(Records contained in a dataset)
════
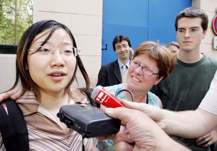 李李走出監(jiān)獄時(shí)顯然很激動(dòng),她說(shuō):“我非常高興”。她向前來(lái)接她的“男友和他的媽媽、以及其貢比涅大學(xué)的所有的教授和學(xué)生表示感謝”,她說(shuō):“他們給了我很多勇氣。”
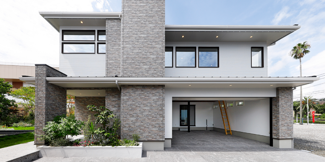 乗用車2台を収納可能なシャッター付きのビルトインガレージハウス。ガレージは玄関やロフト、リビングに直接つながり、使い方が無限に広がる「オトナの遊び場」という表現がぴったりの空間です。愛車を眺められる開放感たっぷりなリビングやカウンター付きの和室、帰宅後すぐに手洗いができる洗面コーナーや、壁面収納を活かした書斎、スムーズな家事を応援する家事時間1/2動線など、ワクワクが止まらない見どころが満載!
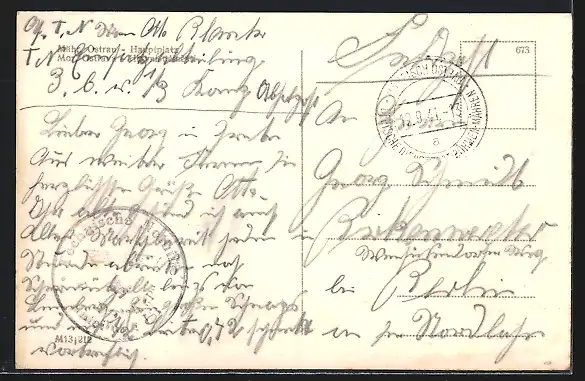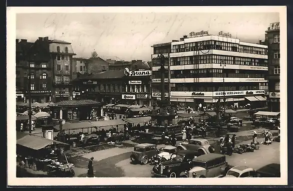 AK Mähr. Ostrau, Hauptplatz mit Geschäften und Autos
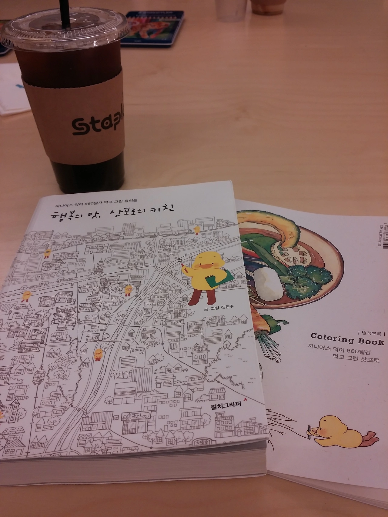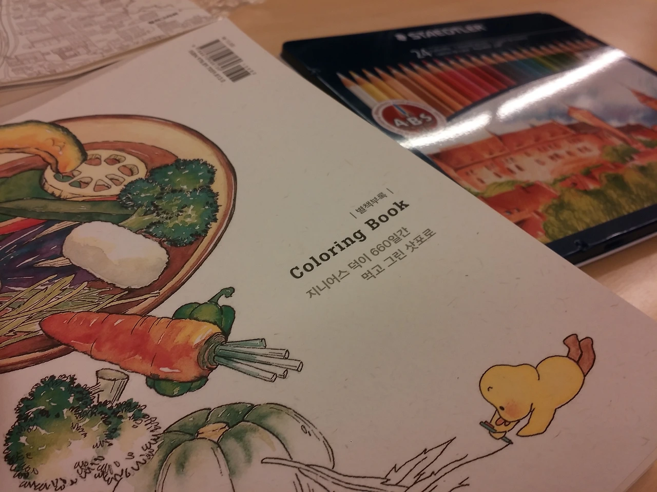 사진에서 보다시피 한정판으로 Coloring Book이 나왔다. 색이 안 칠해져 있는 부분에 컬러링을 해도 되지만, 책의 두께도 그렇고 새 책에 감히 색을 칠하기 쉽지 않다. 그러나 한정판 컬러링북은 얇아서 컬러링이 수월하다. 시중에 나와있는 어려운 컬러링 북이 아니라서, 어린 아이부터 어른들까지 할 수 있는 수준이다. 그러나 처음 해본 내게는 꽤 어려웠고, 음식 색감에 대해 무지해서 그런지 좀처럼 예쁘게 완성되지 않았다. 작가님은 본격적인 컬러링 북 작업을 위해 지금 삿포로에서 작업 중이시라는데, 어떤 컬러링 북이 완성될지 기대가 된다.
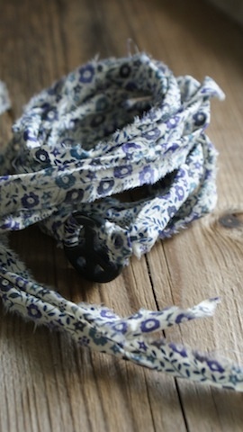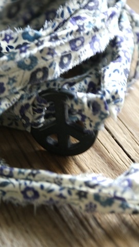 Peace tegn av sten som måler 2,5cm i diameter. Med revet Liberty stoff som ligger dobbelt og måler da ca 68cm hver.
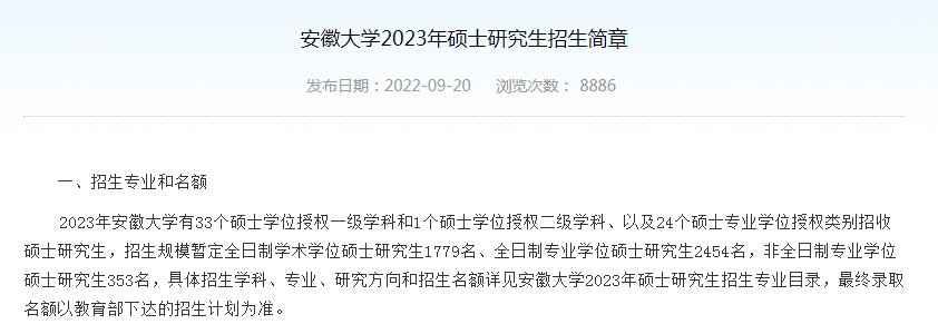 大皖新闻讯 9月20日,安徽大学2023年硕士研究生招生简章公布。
════
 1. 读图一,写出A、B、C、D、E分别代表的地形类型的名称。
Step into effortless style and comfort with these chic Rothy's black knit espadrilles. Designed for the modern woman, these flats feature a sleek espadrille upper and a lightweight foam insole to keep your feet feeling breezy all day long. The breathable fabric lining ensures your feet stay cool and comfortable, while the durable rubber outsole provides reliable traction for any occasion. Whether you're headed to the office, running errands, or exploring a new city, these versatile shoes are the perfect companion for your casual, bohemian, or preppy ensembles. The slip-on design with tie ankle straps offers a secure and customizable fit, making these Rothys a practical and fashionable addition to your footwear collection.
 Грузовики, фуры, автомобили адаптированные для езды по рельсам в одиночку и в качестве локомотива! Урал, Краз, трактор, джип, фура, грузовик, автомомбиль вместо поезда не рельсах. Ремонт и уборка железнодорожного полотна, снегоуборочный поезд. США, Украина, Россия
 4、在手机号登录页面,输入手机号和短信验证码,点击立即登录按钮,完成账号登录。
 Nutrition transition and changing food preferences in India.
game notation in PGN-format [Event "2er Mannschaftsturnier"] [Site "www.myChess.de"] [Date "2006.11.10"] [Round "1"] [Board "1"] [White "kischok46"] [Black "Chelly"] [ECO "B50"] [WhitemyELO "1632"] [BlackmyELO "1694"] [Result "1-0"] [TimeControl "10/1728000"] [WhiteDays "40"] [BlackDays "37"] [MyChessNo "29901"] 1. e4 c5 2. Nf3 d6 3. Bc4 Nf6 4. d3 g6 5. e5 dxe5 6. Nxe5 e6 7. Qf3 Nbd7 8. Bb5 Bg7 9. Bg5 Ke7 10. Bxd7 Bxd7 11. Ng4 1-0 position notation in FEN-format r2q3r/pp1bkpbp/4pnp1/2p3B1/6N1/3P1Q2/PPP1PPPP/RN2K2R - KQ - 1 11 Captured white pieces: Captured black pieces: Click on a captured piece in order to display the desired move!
════
ABOUT THIS TASK
Take the lines above from the one containing "4、在手机号登录页面,输入手机号和短信验证码,点击立即登录按钮,完成账号登录。" down to the one containing "Nutrition transition and", and transcribe them exactly, both ends included.

ANSWER TO THIS TASK
 4、在手机号登录页面,输入手机号和短信验证码,点击立即登录按钮,完成账号登录。
 Nutrition transition and changing food preferences in India.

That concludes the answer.